あっという間に時間が過ぎて夕方になりお客さんもいなくなり落ち着いた空間になる。
「よしお客さんもいないし今日はあがろうか」
「お疲れ様でした」
「どうだった二人とも初めて働いてみた感想は」
「お父さんがバイトをすることを勧めてきた理由が分かった気がします」
敬語とか挨拶とかたくさん今まで引きこもってたら分からなかったことがあった。
僕が感想を言った後顎に手をしばし考える、十秒ほど考えた後ガヴはゆっくり顔を上げた。
「だるかったです」
「正直すぎるよ・・・」
しかも結構考えた後なのに一言って小学生の感想だよそれ。いや今の小学生でもこれほどひどくないかもしれない。
マスターはそれでも怒らずガヴリールにフォローを入れる。
「いや、もちろん正直な事はいいことだからそのままでいいんだよ!?」
「・・・でもここでのバイトは続けられそうです」
ガヴリールがそういうとマスターは嬉しそうに微笑んだ、僕も不思議と嬉しくなった多分ガヴをここに連れてきたのは間違いじゃなかったと思えたからかな。
「人が来ないのがいいですよね」
「そ、そうだねっ落ち着いた雰囲気が自慢だからね!」
台無しだ・・・せっかくいい雰囲気だったのに。
ガヴリールはそのまま更衣室に向かい着替え帰る準備を整え始めた、僕も慌てて着替え準備を整えだす。

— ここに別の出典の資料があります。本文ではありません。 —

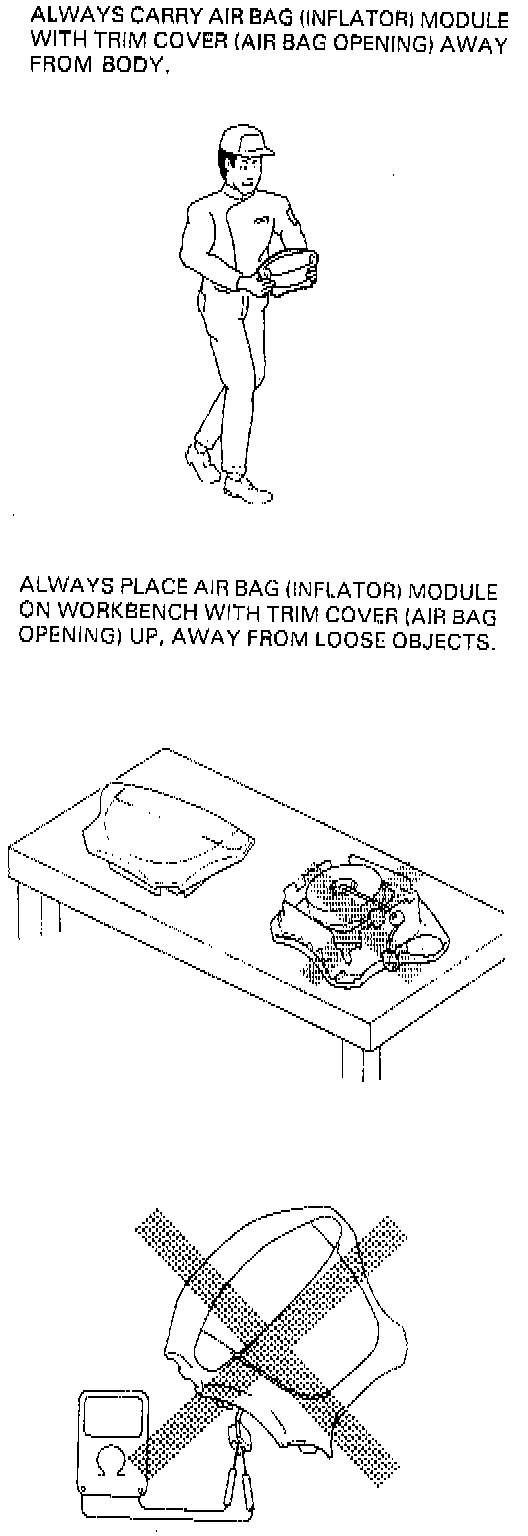 ^ When carrying a live air bag (inflator) module, make sure the bag opening is pointed away from you. In case of an accidental deployment, the bag will then deploy with minimal chance of injury. Never carry the air bag (inflator) module by the wires or connector on the underside of the module. When placing a live air bag (inflator) module on a bench or other surface, always face the bag up, away from the surface. This is necessary so that a free space is provided to allow the air bag to expand in the unlikely event of accidental deployment. Otherwise, personal injury may result.
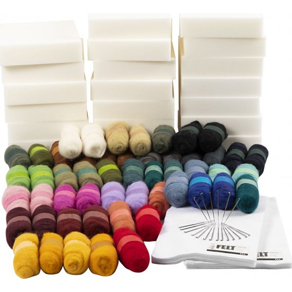 Set mit kardierter Wolle, Platte und Filznadeln zum Nadelfilzen von Bildern. Eine intelligenzstimulierende Aktivität für Kinder. Enthält: 20 Nadelfilzplatten, 1300 g kardierte Wolle, 20 Bögen Hobbyfilz und 20 Filznadeln.
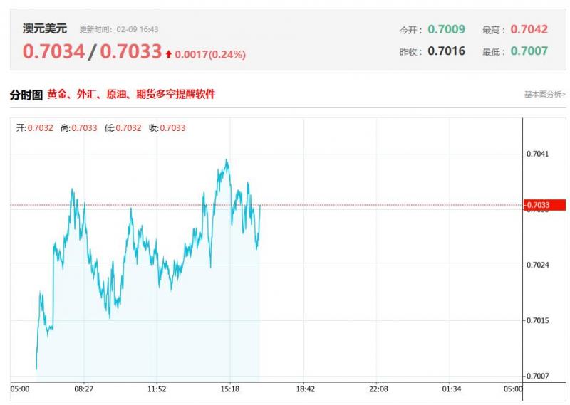 澳元强势态势有所放缓,呈现震荡承压格局。截至2月9日凌晨,澳元兑美元交投于0.6920附近,日内跌幅约0.0578%,开盘后小幅承压走低,盘中最低触及0.6895,整体波动区间集中在0.6895-0.6933,尚未形成明确方向突破。
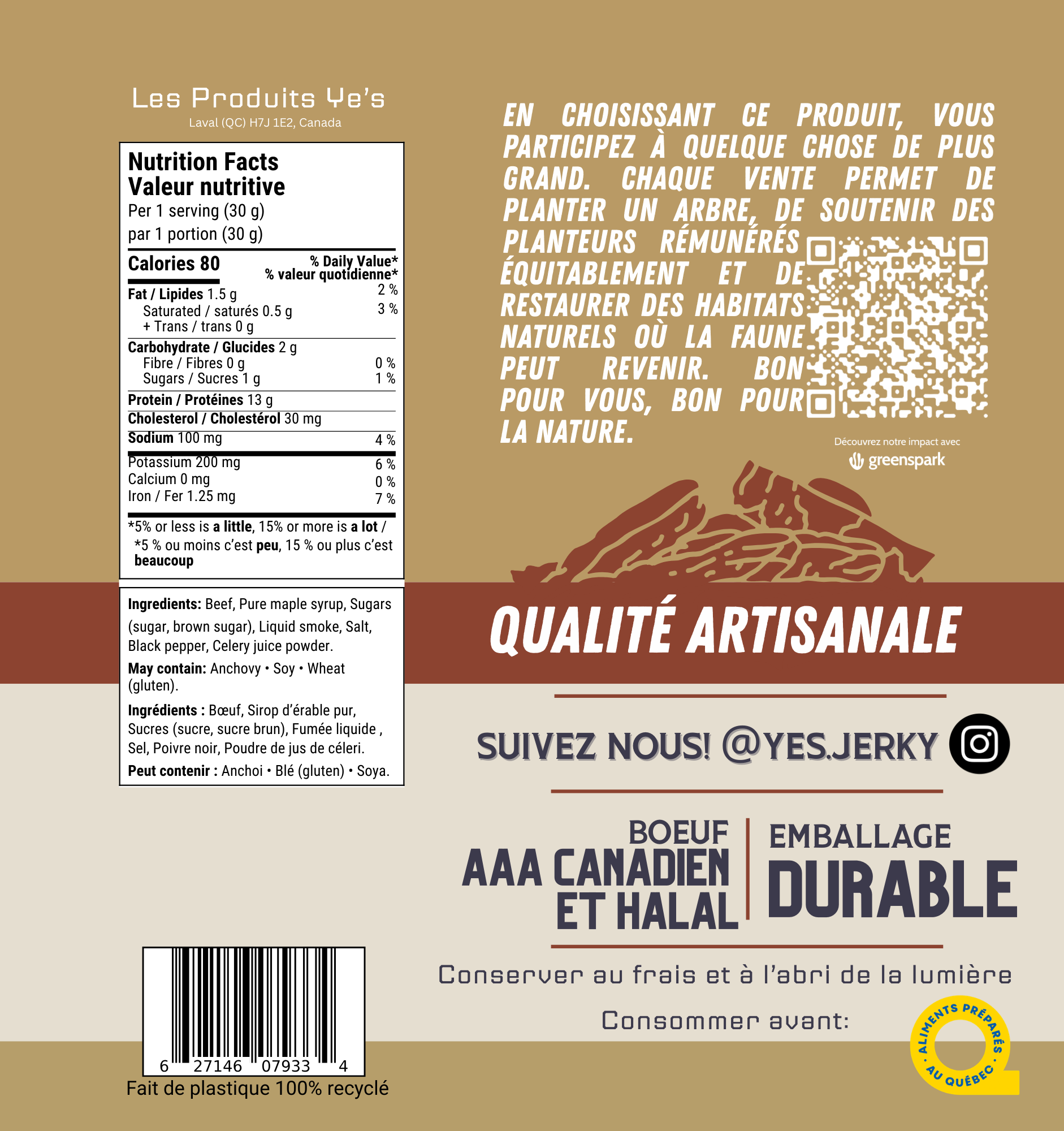 Inspired by our hometown’s vibrant food scene, Style Montréal blends smoky, peppery notes with a touch of sweetness that captures the spirit of the city. Each bite delivers 30 g of protein, lower sodium, and no preservatives, keeping you fueled and energized wherever your day takes you.
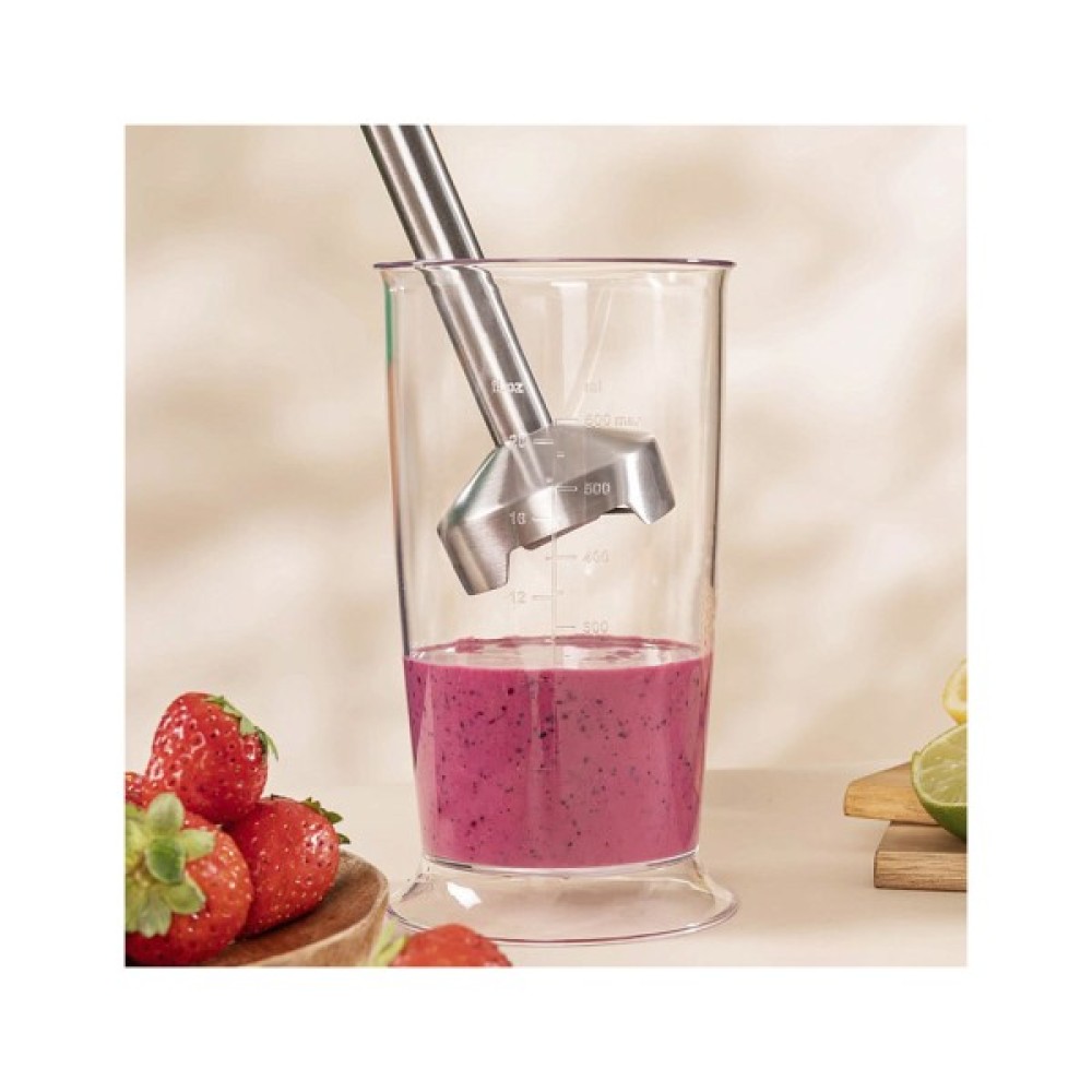 Насолоджуйтесь ідеальною кількістю кремів та смузі завдяки великій склянці ємністю 0,5 літра. Крім того, склянку можна мити в посудомийній машині, що забезпечує зручне та легке очищення.
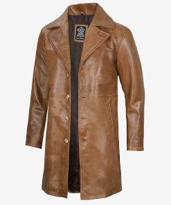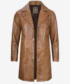 Men’s Camel Brown Real Leather Car Coat
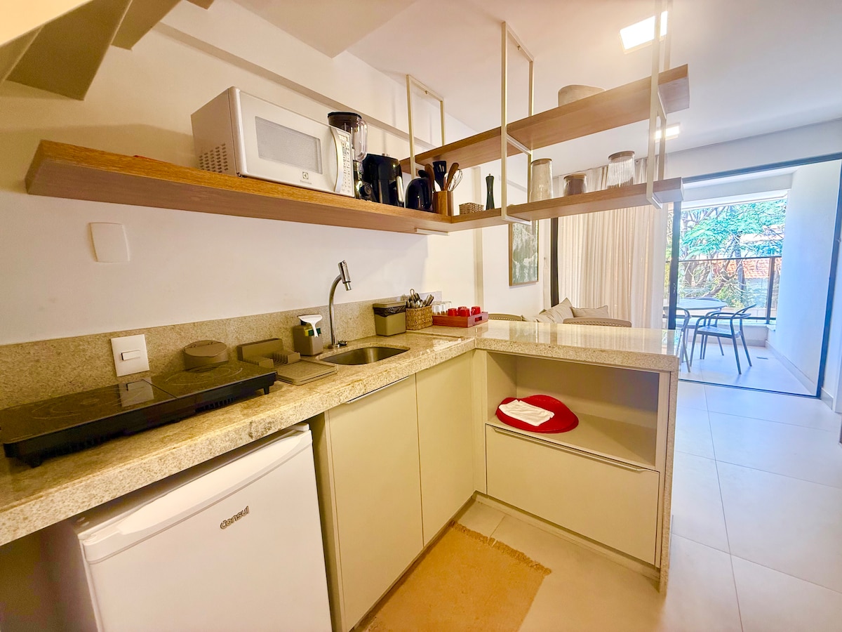 Ideal para quienes necesitan internet rápido, muy buena ubicación cerca del centro de la playa de Xepa y la playa de Maceió, cocina equipada con minibar de 127 l, cocina de 2 hornillas, licuadora, sandwichera, aire acondicionado de 12 mil btus, cafetera dolce gusto, smart tv, caja fuerte y estacionamiento. El espacio con cama queen en el entrepiso y un sofá cama en la sala. Baño con ducha eléctrica y secador de pelo, ya viene juego de toallas de baño y cama. Balcón con mecedora y tumbona.
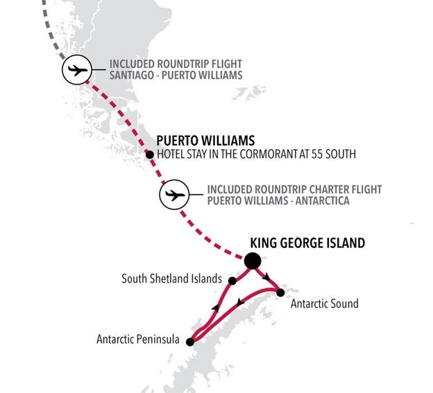 - Roundtrip charter flights Puerto Williams – King George Island on ‘Day 1’ & ‘Day 7’
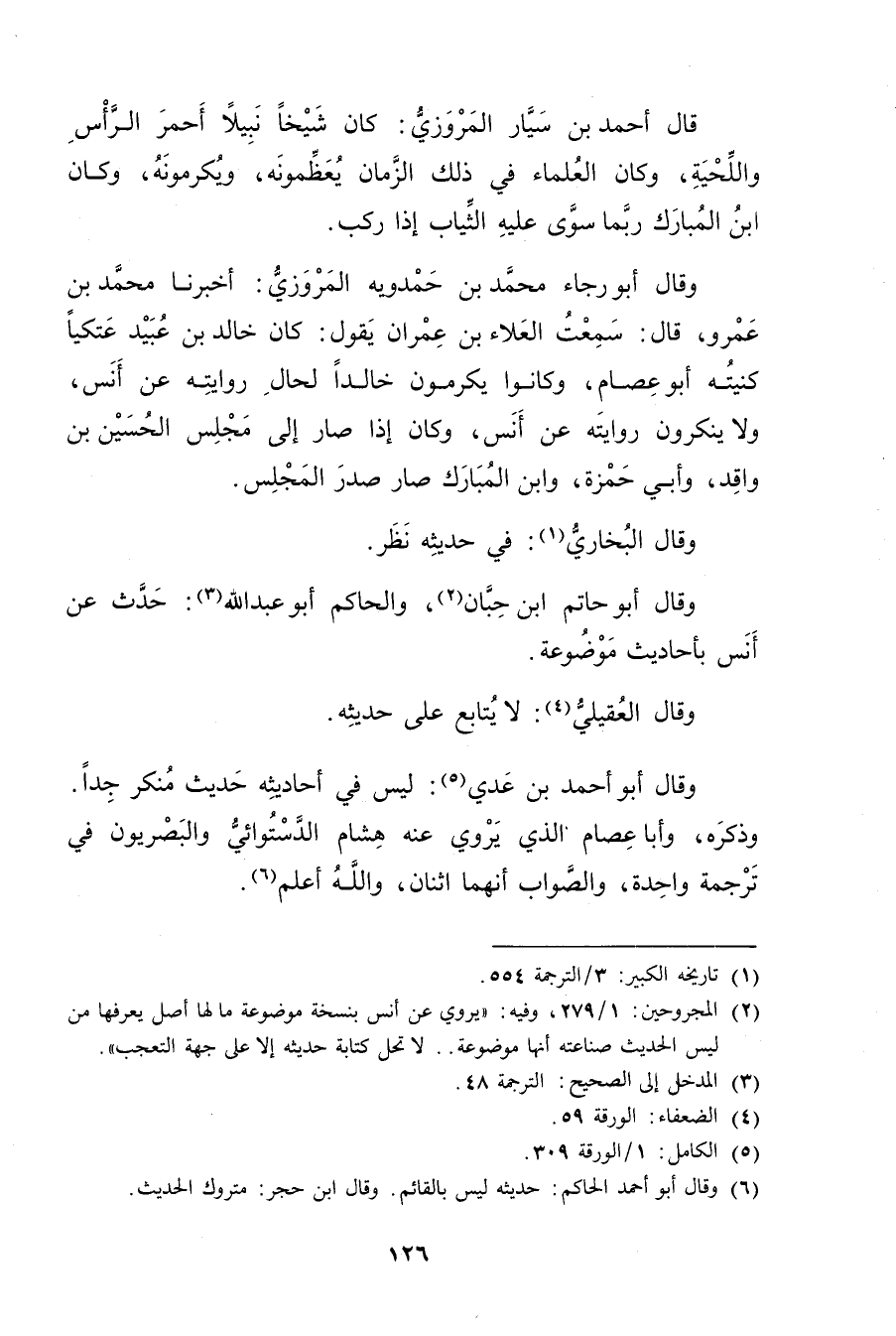 (2) المجروحين: 1 / 279، وفيه: يروي عن أنس بنسخة موضوعة ما لها أصل يعرفها من ليس الحديث صناعته أنها موضوعة..لا تحل كتابة حديثه إلا عَلَى جهة التعجب.

するとマスターが僕たちを呼び止めた。
「二人とも次のシフトどうしようか今週のどこかで入れそうなところがあれば・・・」
「無理です」
ガヴリールはマスターの声を遮るように強めの口調で答えた。
マスターは固まってしまった、ガヴリールは今のマスターの状態気づいてるんだろうか。
「週二以上で働くとか体力的にキツいんで無理ですっ!!」
「そうだねっ!週一にしようか!体を休めることは大切だからね」
先ほどよりさらに強い口調で答え断りマスターもそれに押され了承してしまう。そのままガヴリールは挨拶をしてお店を出て行ってしまう。
ガヴが居なくなった後再び固まったマスターは復活すると今度は僕の方に弱々しい笑顔を向けてた。
「ゆ、夕陽くんも週一にする?」
「ぼ、僕は週4ぐらいで入れてもらえればいいので大丈夫ですよ!」
その時のマスターは少しホッとしたのか胸を撫で下ろしいつものような笑顔に戻り僕にコーヒーを勧めてきた。